▶ **GIVEN INFORMATION**
..........

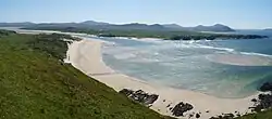 As the ice sheet thinned, topography became the dominant force driving the direction of ice and meltwater flow.[53] Erosion by glacial meltwater carved out large channels in southern Donegal which directed water and sediment to outwash fans in Donegal Bay. The area south of Donegal town, where the River Eske flows into the bay, is an example of one of these outwash areas. Sea levels in the area began to stabilise around 5,000 years ago, and the balance of erosion and deposition along Donegal's coastline resulted in the development of many sandy beaches and spits interspersed with jagged sea cliffs.[54]
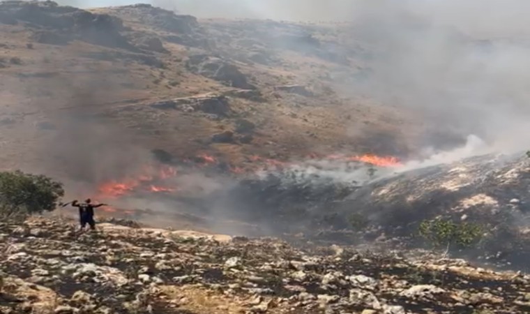 Mardin’de sabah saatlerinde ormanlık alanda çıkan yangında yüzlerce dönümlük alan kül olurken, itfaiye ekiplerinin yangına müdahalesi sürüyor.
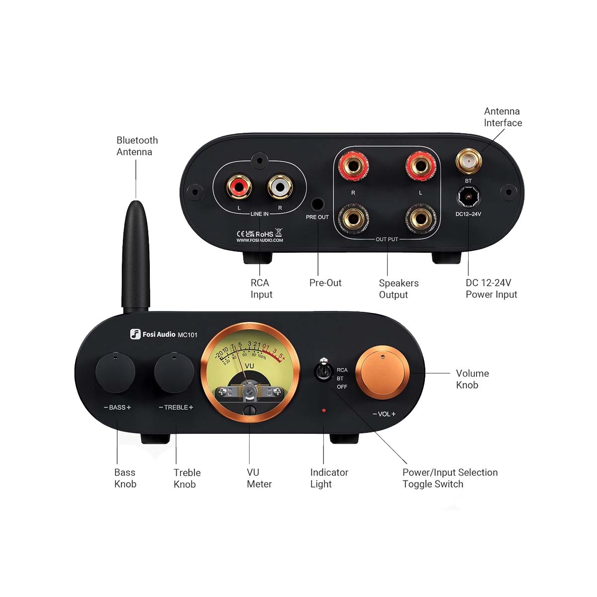 Fosi Audio MC101 Bluetooth Stereo Amplifier With VU Meter
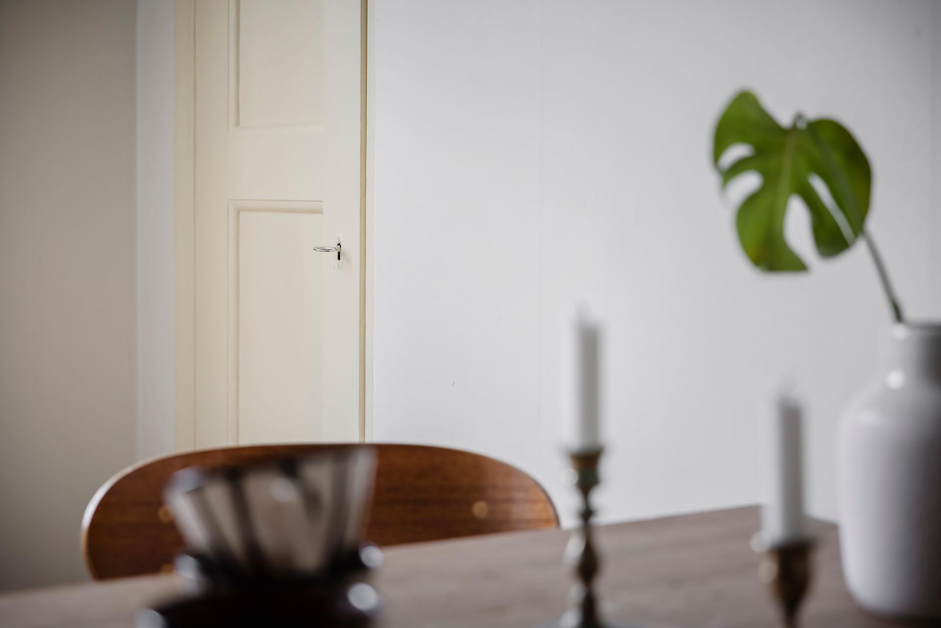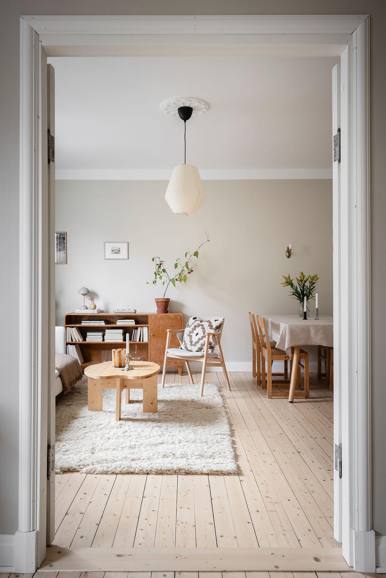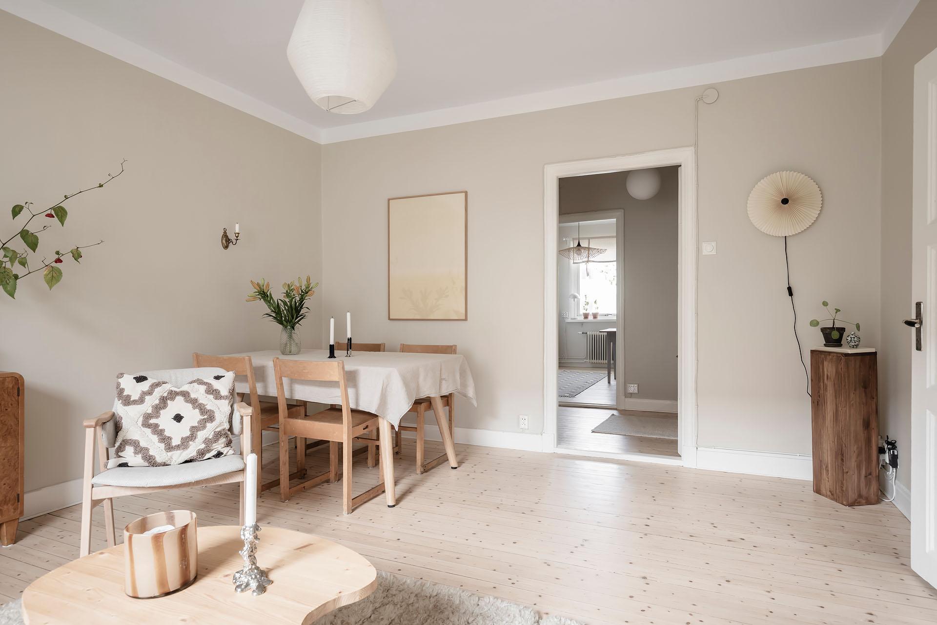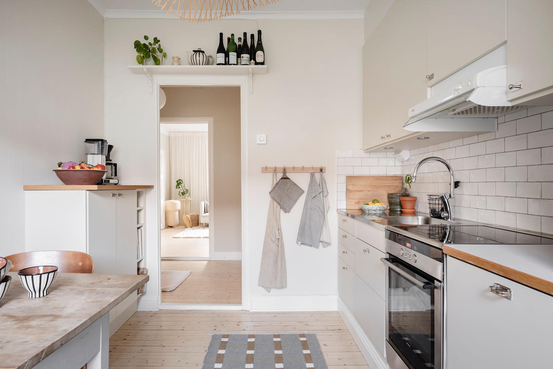 Redan i entrén sätts tonen för lägenheten. Dess väggar är målade i Vitt Te från Jotun, och golvet består av det framtagna brädgolvet som löper vidare in i bostaden. De platsbyggda garderoberna ger god förvaring och ett städat intryck direkt vid entrén. Från hallen nås den stora klädkammaren, som erbjuder förvaring långt utöver det vanliga.
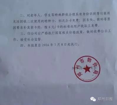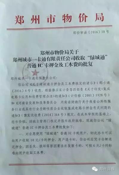 ↑郑州市物价局关于绿城通卡押金及工本费的正式批文
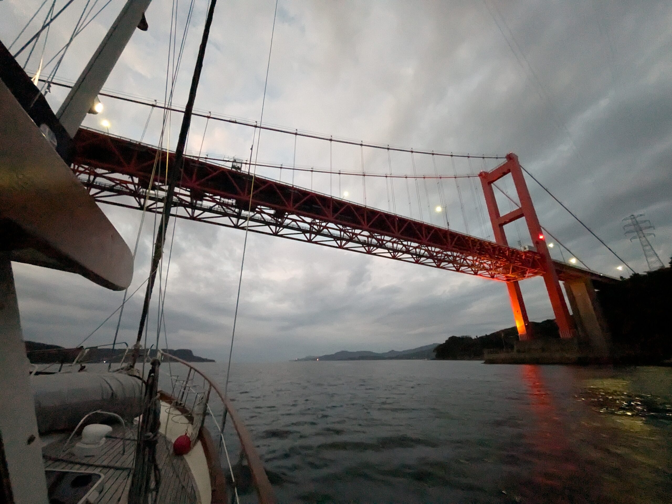 平戸瀬戸の潮止まりに合わせて薄暗い中、6:00に出航、平戸大橋を潜って久しぶりに穏やかな風、内海の静かな海を走って、長崎港の奥の長崎出島ハーバーに15:00到着。50海里9時間の航海でした。当初、長崎サンセットマリーナに行く予定でしたがビジターがいっぱい、27日から予約を入れていた出島マリーナに変更しました。ここで暫くのんびりします。
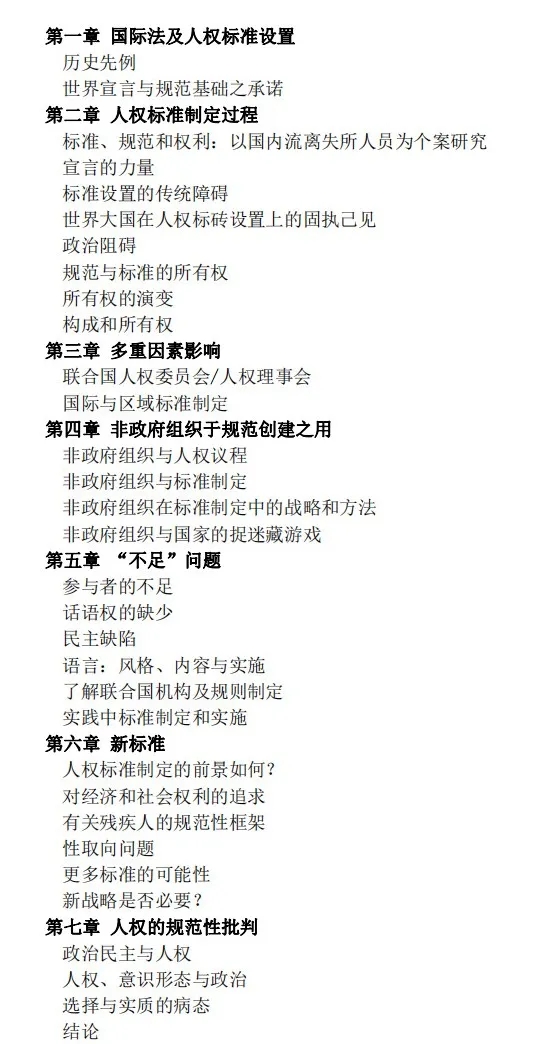 第二章到第四章介紹了南半球參與人權(quán)標(biāo)準(zhǔn)制定的國家需要了解的規(guī)范理論、標(biāo)準(zhǔn)制定技術(shù)、標(biāo)準(zhǔn)制定的障礙、能直接參與制定人權(quán)標(biāo)準(zhǔn)的非政府組織能發(fā)揮的作用等基礎(chǔ)問題。
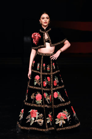 • Elevate your style with this exquisite velvet lehenga and cape set, paired with a chic bustier. Crafted from premium velvet and chanderi silk, this ensemble features a blend of intricate machine and hand embroidery, offering a perfect balance of elegance and craftsmanship. Ideal for weddings, festive occasions, or special celebrations, this outfit ensures you make a stunning statement
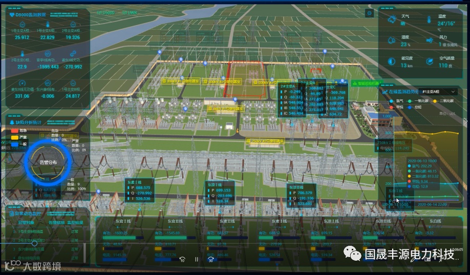 各场站全局信息可视化:对光伏场站的环境参数、发电量统计及计划、今日报警/未读报警、接入逆变器数量/逆变器总容量等信息进行监控展示。
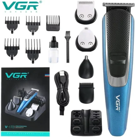 VGR-172 – ماكينة حلاقة كهربائية احترافية للرجال قابلة للشحن من جي ار – متعددة الاستخدامات مع 5 رؤوس
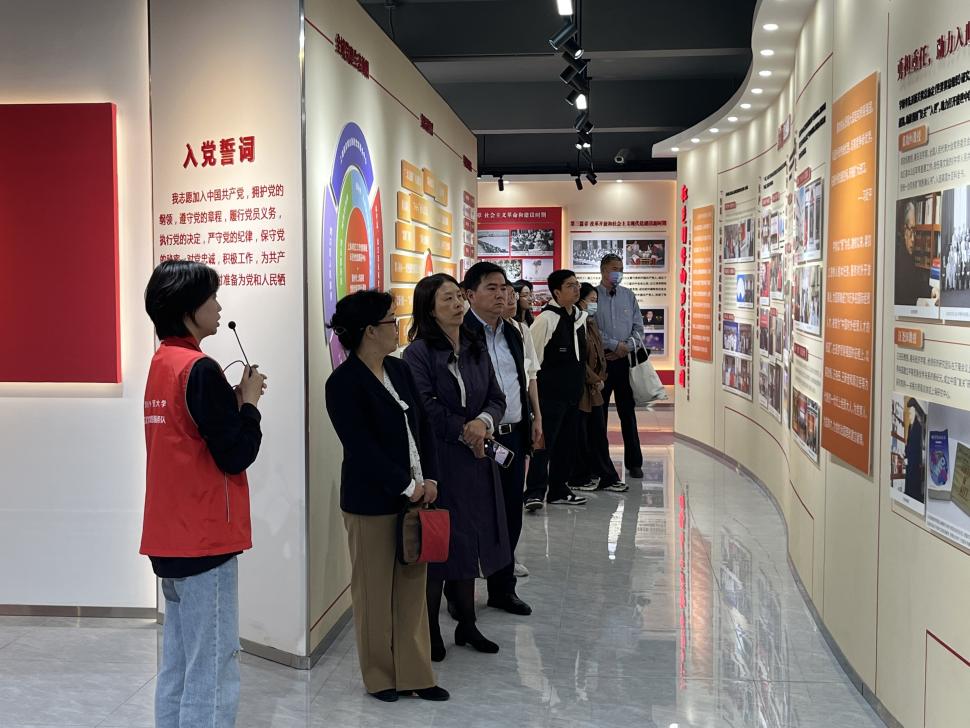 首先,我院党总支一行参观了上海对外经贸大学党建服务中心。该服务中心是上海市教卫工作党委系统示范性党建服务中心,建有新时代上海高校党建创新实践分基地,包括三个主题展和四个功能区。中心以“红色引擎助力贸易强国”为主题,展示上海对外经贸大学党建引领贸易强国建设的探索、实践与成果。
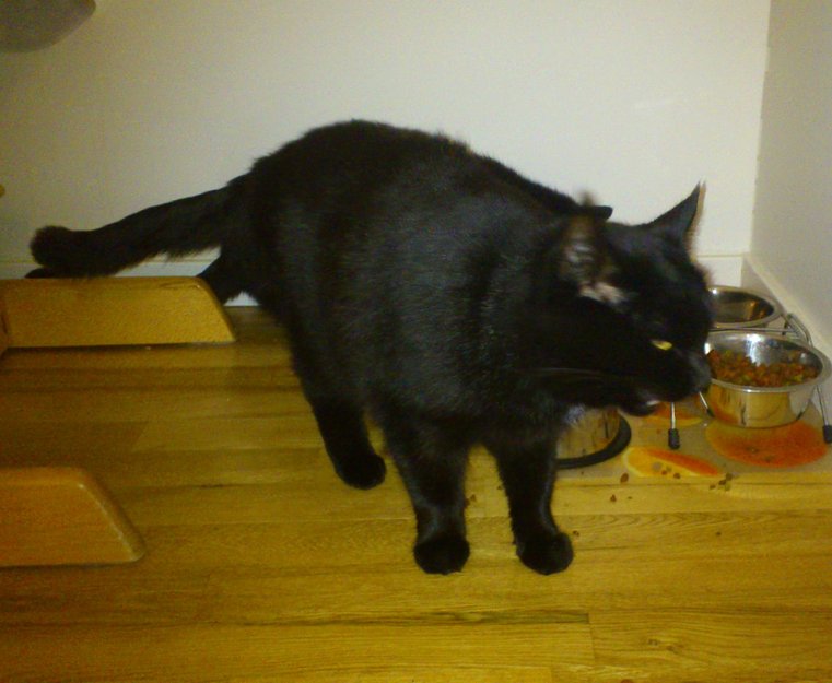 Guinness er sort med noen få hvite strå på brystet. Han er veldig kontaktsøkende og kommer gjerne frem og hilser.
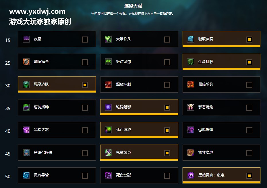 魔兽世界9.0恶魔术士天赋怎么点?WOW9.0恶魔术大米/团本天赋最新推荐恶魔术一直以来都是一个比较冷门的专精,不少的玩家们都不是很清楚这个恶魔术天赋应该要怎么点,不少网上的天赋在这里也已经过时了,小编在这里也给大家带来一些比较新的详细的天赋,玩家们可以对照下面的攻略来参考一下试试看,具体如下:
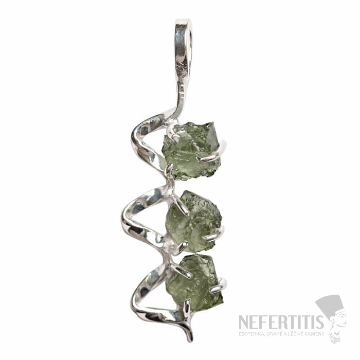 Beautiful designer silver pendant with moldavite. Ag 925. Moldavite is considered a lucky talisman. You are purchasing the exact piece of jewelry pictured. Moldavite is a glass of tectonic origin, which was formed by… more »
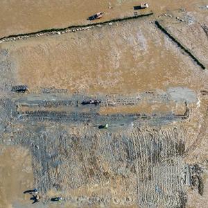 2月2日,福州瑯岐島漁民在翻耕灘涂播種蟶苗(無人機照片)。
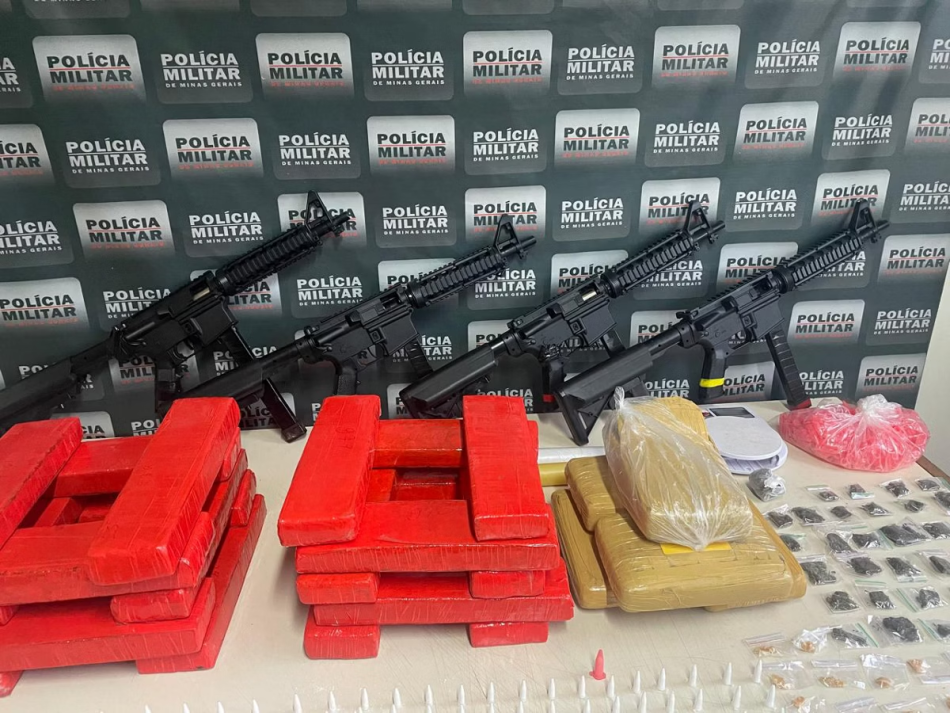 Já na residência do suspeito, no bairro Brasília, em Sarzedo, os militares apreenderam aproximadamente 20 kg de maconha, 150 pinos de cocaína e as quatro submetralhadoras de calibres 9 mm e .40.

..........

▶ **AIM OF THE EXERCISE**
In your copy, omit the pictures and restate every line of the data word for word.

▶ **SOLUTION BELOW**
 As the ice sheet thinned, topography became the dominant force driving the direction of ice and meltwater flow.[53] Erosion by glacial meltwater carved out large channels in southern Donegal which directed water and sediment to outwash fans in Donegal Bay. The area south of Donegal town, where the River Eske flows into the bay, is an example of one of these outwash areas. Sea levels in the area began to stabilise around 5,000 years ago, and the balance of erosion and deposition along Donegal's coastline resulted in the development of many sandy beaches and spits interspersed with jagged sea cliffs.[54]
 Mardin’de sabah saatlerinde ormanlık alanda çıkan yangında yüzlerce dönümlük alan kül olurken, itfaiye ekiplerinin yangına müdahalesi sürüyor.
 Fosi Audio MC101 Bluetooth Stereo Amplifier With VU Meter
 Redan i entrén sätts tonen för lägenheten. Dess väggar är målade i Vitt Te från Jotun, och golvet består av det framtagna brädgolvet som löper vidare in i bostaden. De platsbyggda garderoberna ger god förvaring och ett städat intryck direkt vid entrén. Från hallen nås den stora klädkammaren, som erbjuder förvaring långt utöver det vanliga.
 ↑郑州市物价局关于绿城通卡押金及工本费的正式批文
 平戸瀬戸の潮止まりに合わせて薄暗い中、6:00に出航、平戸大橋を潜って久しぶりに穏やかな風、内海の静かな海を走って、長崎港の奥の長崎出島ハーバーに15:00到着。50海里9時間の航海でした。当初、長崎サンセットマリーナに行く予定でしたがビジターがいっぱい、27日から予約を入れていた出島マリーナに変更しました。ここで暫くのんびりします。
 第二章到第四章介紹了南半球參與人權(quán)標(biāo)準(zhǔn)制定的國家需要了解的規(guī)范理論、標(biāo)準(zhǔn)制定技術(shù)、標(biāo)準(zhǔn)制定的障礙、能直接參與制定人權(quán)標(biāo)準(zhǔn)的非政府組織能發(fā)揮的作用等基礎(chǔ)問題。
 • Elevate your style with this exquisite velvet lehenga and cape set, paired with a chic bustier. Crafted from premium velvet and chanderi silk, this ensemble features a blend of intricate machine and hand embroidery, offering a perfect balance of elegance and craftsmanship. Ideal for weddings, festive occasions, or special celebrations, this outfit ensures you make a stunning statement
 各场站全局信息可视化:对光伏场站的环境参数、发电量统计及计划、今日报警/未读报警、接入逆变器数量/逆变器总容量等信息进行监控展示。
 VGR-172 – ماكينة حلاقة كهربائية احترافية للرجال قابلة للشحن من جي ار – متعددة الاستخدامات مع 5 رؤوس
 首先,我院党总支一行参观了上海对外经贸大学党建服务中心。该服务中心是上海市教卫工作党委系统示范性党建服务中心,建有新时代上海高校党建创新实践分基地,包括三个主题展和四个功能区。中心以“红色引擎助力贸易强国”为主题,展示上海对外经贸大学党建引领贸易强国建设的探索、实践与成果。
 Guinness er sort med noen få hvite strå på brystet. Han er veldig kontaktsøkende og kommer gjerne frem og hilser.
 魔兽世界9.0恶魔术士天赋怎么点?WOW9.0恶魔术大米/团本天赋最新推荐恶魔术一直以来都是一个比较冷门的专精,不少的玩家们都不是很清楚这个恶魔术天赋应该要怎么点,不少网上的天赋在这里也已经过时了,小编在这里也给大家带来一些比较新的详细的天赋,玩家们可以对照下面的攻略来参考一下试试看,具体如下:
 Beautiful designer silver pendant with moldavite. Ag 925. Moldavite is considered a lucky talisman. You are purchasing the exact piece of jewelry pictured. Moldavite is a glass of tectonic origin, which was formed by… more »
 2月2日,福州瑯岐島漁民在翻耕灘涂播種蟶苗(無人機照片)。
 Já na residência do suspeito, no bairro Brasília, em Sarzedo, os militares apreenderam aproximadamente 20 kg de maconha, 150 pinos de cocaína e as quatro submetralhadoras de calibres 9 mm e .40.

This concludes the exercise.